DATA SECTION —
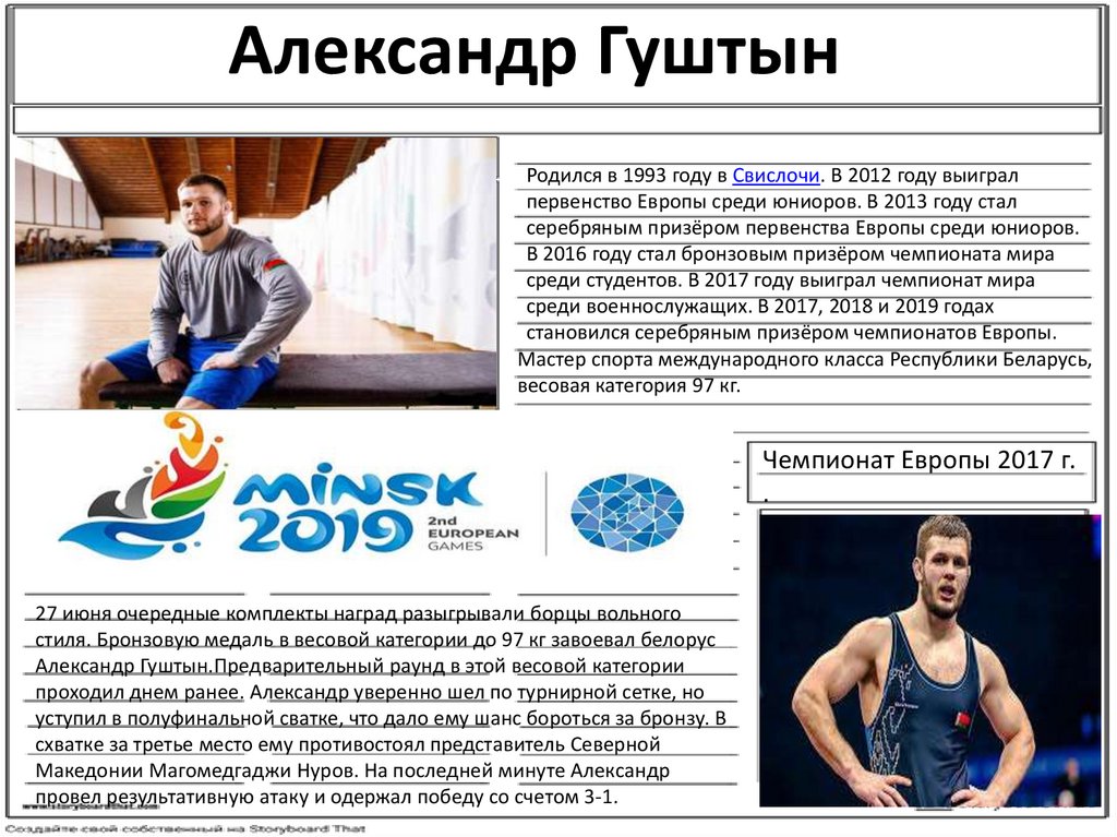 Александр ГуштынРодился в 1993 году в Свислочи. В 2012 году выиграл
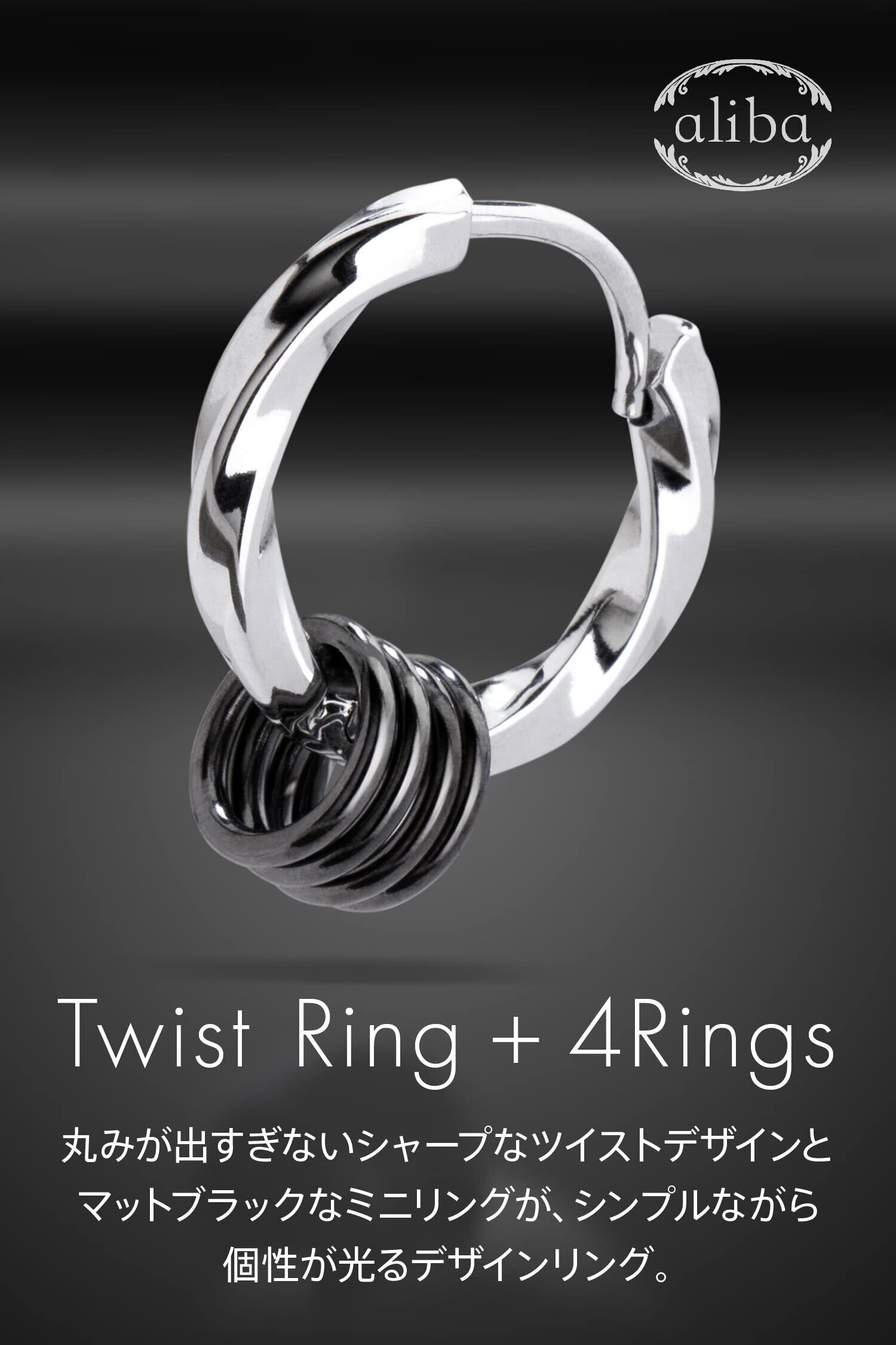 【ミニリングを外して2Way仕様】マットブラックなミニリングを外せば、シンプルなツイストリングとしても使える。丸みを帯びすぎないスマートスタイルなツイストなので、カジュアルに付けやすいデザインです。
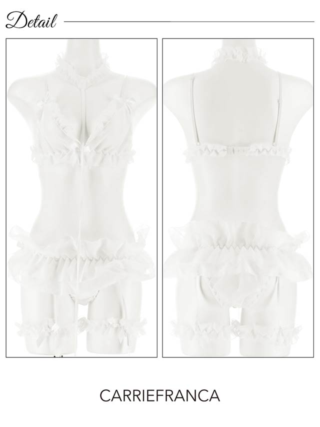 清楚なホワイトカラーとたっぷりのフリルが甘く女の子らしいムードを漂わせるランジェリー。
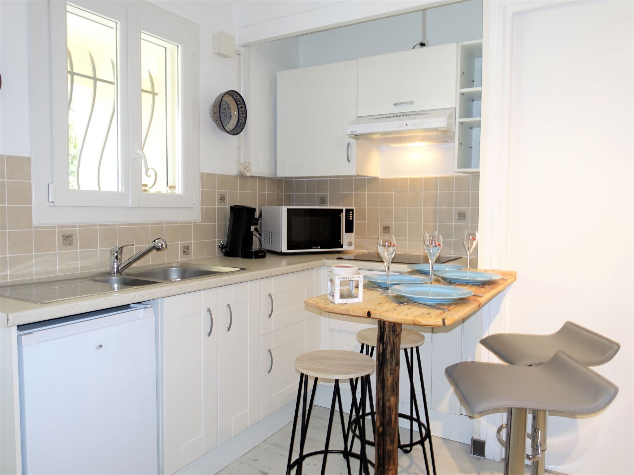 2-room apartment 30 m2, on the upper ground floor, east facing position. Beautiful furnishings: lounge with 1 double sofabed (1 x 140 cm, length 190 cm), TV (flat screen). Exit to the terrace, to the patio. 1 room with 2 beds (80 cm, length 190 cm). Exit to the balcony. Open kitchen (mini-oven, 4 induction hot plates, toaster, kettle, microwave, freezer, electric coffee machine, Capsules for coffee machine (Senseo) extra) with dining nook. Exit to the terrace, to the patio. Shower/WC. Terrace 20 m2, north facing position and, east facing position, patio 15 m2. Terrace furniture, deck chairs (1). Facilities: washing machine, iron. Internet (WiFi, free). Please note: no parking. 1 pet/ dog allowed. TV only FR. Smoke alarm. Offer by a private individual according to Art. 155, IV of CGI.

WHAT TO WORK ON — All the data above is to be transcribed exactly, with no pictures included.

YOUR SOLUTION —
 Александр ГуштынРодился в 1993 году в Свислочи. В 2012 году выиграл
 【ミニリングを外して2Way仕様】マットブラックなミニリングを外せば、シンプルなツイストリングとしても使える。丸みを帯びすぎないスマートスタイルなツイストなので、カジュアルに付けやすいデザインです。
 清楚なホワイトカラーとたっぷりのフリルが甘く女の子らしいムードを漂わせるランジェリー。
 2-room apartment 30 m2, on the upper ground floor, east facing position. Beautiful furnishings: lounge with 1 double sofabed (1 x 140 cm, length 190 cm), TV (flat screen). Exit to the terrace, to the patio. 1 room with 2 beds (80 cm, length 190 cm). Exit to the balcony. Open kitchen (mini-oven, 4 induction hot plates, toaster, kettle, microwave, freezer, electric coffee machine, Capsules for coffee machine (Senseo) extra) with dining nook. Exit to the terrace, to the patio. Shower/WC. Terrace 20 m2, north facing position and, east facing position, patio 15 m2. Terrace furniture, deck chairs (1). Facilities: washing machine, iron. Internet (WiFi, free). Please note: no parking. 1 pet/ dog allowed. TV only FR. Smoke alarm. Offer by a private individual according to Art. 155, IV of CGI.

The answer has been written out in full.